Apenas quando o regime escravista entrou em declínio, a mão-de-obra do agregado passou a ser importante, sob o ponto de vista econômico, sendo utilizada nas grandes propriedades, mormente na abertura de fazendas e no roçado, e, posteriormente, no cultivo. A vulnerabilidade desses trabalhadores foi salientada por Alberto Passos Guimarães:

[...] nunca foram os moradores, colonos ou agregados tratados com mimo pelos fazendeiros [...]. Por qualquer motivo fútil eles eram atirados à rua da amargura, uns virando quitandeiros, intrusos ou posseiros, outros forçados à vida de ociosos (GUIMARÃES, 1982, p.281).

O mesmo ponto de vista é corroborado por Gorender (1978), que ressalta que não havia contrato formal entre o proprietário e o agregado, apenas acerto verbal. O fazendeiro podia romper essa convenção segundo seu arbítrio e livrar-se sumariamente do agregado, deixando-o sem terra, na mais completa miséria.

Acrescenta que, a relação entre senhores e agregados sempre foi marcada pela insegurança.

A observação de Joaquim Nabuco em, o Abolicionista, é bastante ilustrativa e retrata a situação dos homens pobres no campo, no final do Século XIX, em período que antecedeu à abolição, destacando a opressão e a miséria imposta pelo latifúndio escravocrata aos homens que, embora livres juridicamente, encontravam-se sob o domínio do senhor:

A população vive em choças onde o vento e a chuva penetram, sem soalho nem vidraças, sem móveis nem conforto algum, com a rede do índio ou o estrado do negro por leito, a vasilha de água e a panella por utensílios, e a viola ao lado da imagem (NABUCO, 2003, p.186).

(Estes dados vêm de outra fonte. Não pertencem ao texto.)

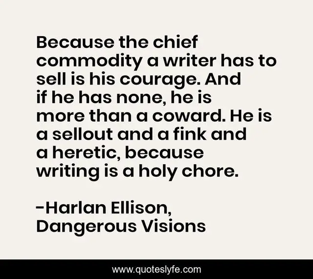 This page presents the quote "Because the chief commodity a writer has to sell is his courage. And if he has none, he is more than a coward. He is a sellout and a fink and a heretic, because writing is a holy chore.". Author of this quote is Harlan Ellison, Dangerous Visions. This quote is about courage, writers, commodity,.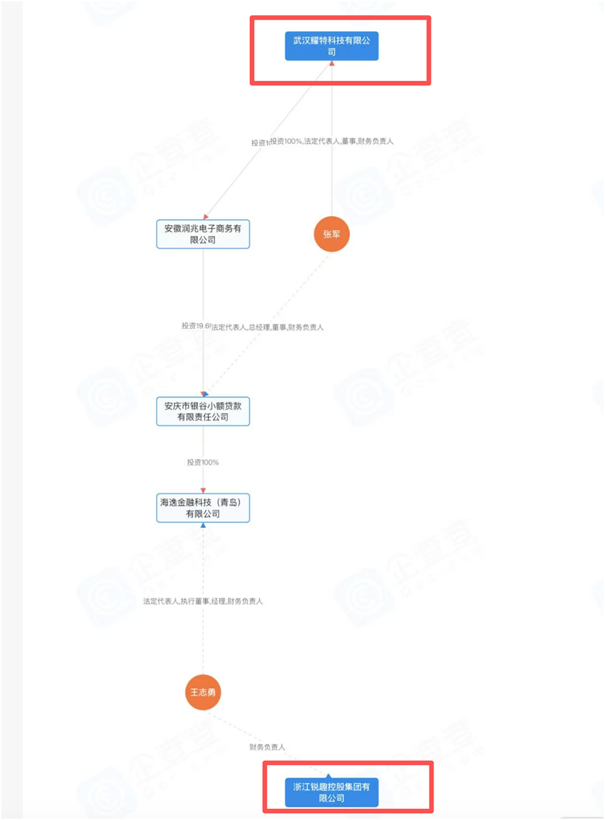 企查查信息显示,武汉耀特科技有限公司全资控股安徽润兆电子商务有限公司,后者持有安庆市银谷小额贷款有限公司19.69%的股份。

Franco (1983) salienta que a figura do agregado como categoria social, se constituía na medida em que, se consolidava a expansão da grande propriedade privada latifundiária, fundada no trabalho escravo e direcionada à agricultura comercial. Tratava-se de um segmento sem qualquer expressão econômica ou social, que, no entanto, estava visceralmente ligado à estrutura de poder do latifúndio e, por conseqüência, submissa à ordem patriarcal do fazendeiro, ainda que, houvesse a ideologia de igualdade formal, visto que eram juridicamente livres.

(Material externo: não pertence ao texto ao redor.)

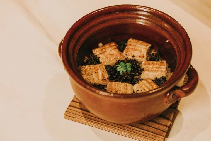 主打现代日本割烹的一期一江(Ichigo Ichie)从罗拔申码头洲际酒店搬迁至乌节路的Claymore Connect,环境更加宽敞舒适。坐在吧台座位不仅可以近距离观赏主厨料理的过程,还可欣赏陶瓷艺术品。来自日本东京的主厨江野茜依旧以当季时令食材为主角,推出厨师做主omakase套餐。新菜单中有不少菜肴以茶为主题,将不同茶类加入菜肴制作中,例如前菜小点莲藕牛蒡搭配的是洛神花茶果冻,清爽开胃。金枪鱼刺身加入正山小种(lapsang souchong)调味的酱油腌制。正山小种是中国生产的一种红茶,被称为红茶鼻祖,茶叶经松木熏制而成,有着非常浓烈的松烟香。日式鳗鱼砂锅饭以冻顶乌龙茶烹制,带有淡淡的甘甜香味。甜点是玄米茶口味雪糕,搭配芒果及酱油果冻。

[...] assim, vendo a si mesmo e a seu superior como potencialmente iguais, e tendo diante de si negada praticamente a perenidade da contraprestação de favores e serviços, o agregado poderia chegar a compreensão da fragilidade das ligações que o prendiam ao fazendeiro [...]. Fechado esse caminho, está, novamente a existência dispensável vivida pelo homem pobre do século XIX. A condições de sua sujeição advieram justamente por ser quase nada na sociedade (FRANCO, 1983, p.104).

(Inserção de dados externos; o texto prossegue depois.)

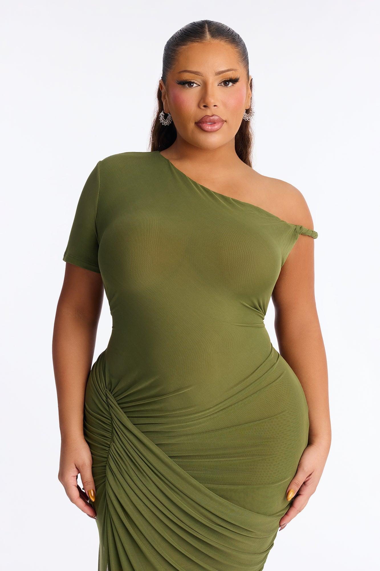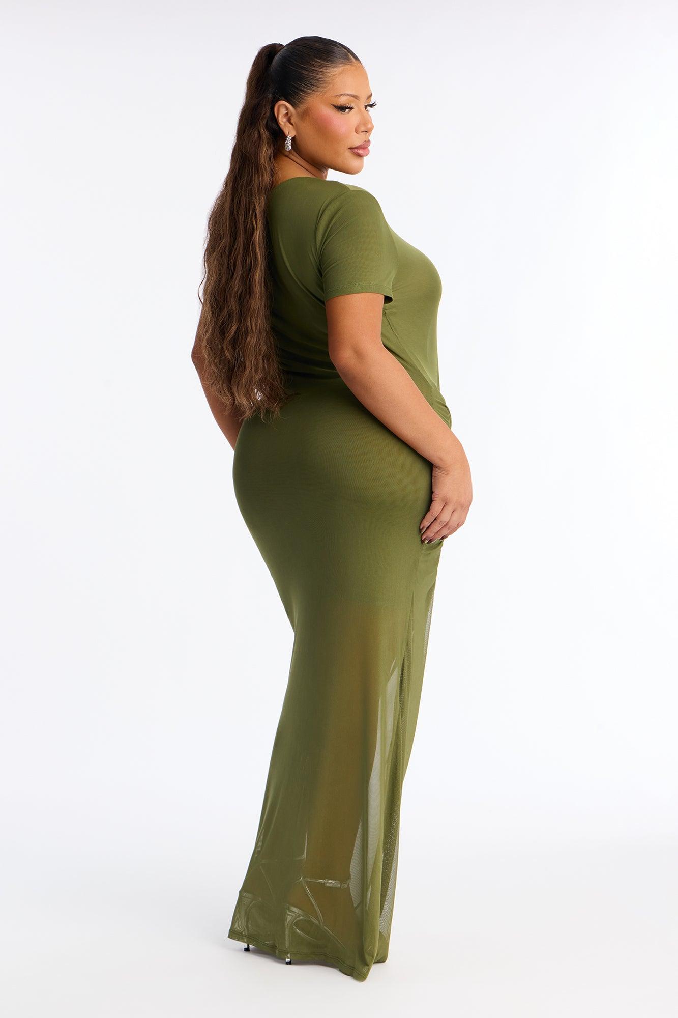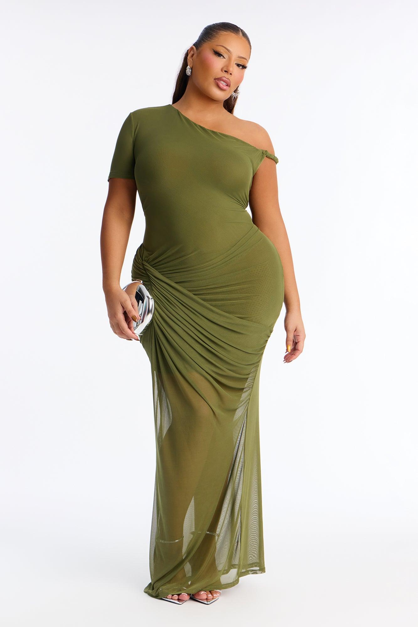 Skylar Asymmetrical Mesh Maxi Dress - Olive Female

Como destaca Kowarick (1994), com o sistema econômico fundado no modelo agroexportador, alicerçado no trabalho escravo, obstaculizou-se uma produção voltada para o mercado interno, e por conseqüência, implicou na exclusão da mão- de-obra não cativa, gerando um contingente para o qual, somente restaria o trabalho ocasional, a atividade de subsistência ou perambular pelos campos e cidades sem destino. De outro lado, o escravismo contaminou as relações de trabalho, na medida em que os fazendeiros enxergavam os homens livres como assemelhados aos cativos, portanto, subjugados a seu poder. Em conseqüência, a percepção que esses homens livres tinham do trabalho era de algo que os submeteria à exploração extremada e destituída de humanidade, sendo lógico fugir ao rigor e à disciplina

dessa organização produtiva. “Mesmo livres, eles deviam lealdade e obediência aos potentados e os parâmetros de subalternidade que norteavam essas relações estavam ancorados no espectro do cativeiro” (KOWARICK, 1994, p. 42). Como assinala Gorender (1978), o latifúndio gerava os despossuídos e os absorvia como subordinados ao dono da terra. Cumpre ressaltar que, apesar da natureza mercantil do escravismo colonial houve a presença marcante de características patriarcais, coexistindo simultaneamente.

[...] escravos de trabalho e da casa grande, assalariados livres, rendeiros, agregados, capangas, vizinhos fracos, membros da família senhorial, estavam todos enlaçados, sob várias formas, numa trama de dependências hierarquizadas, de relações simétricas e assimétricas, de reciprocidades cujo nó central era a figura do senhor de engenho ou fazendeiro (GORENDER, 1978, p.277).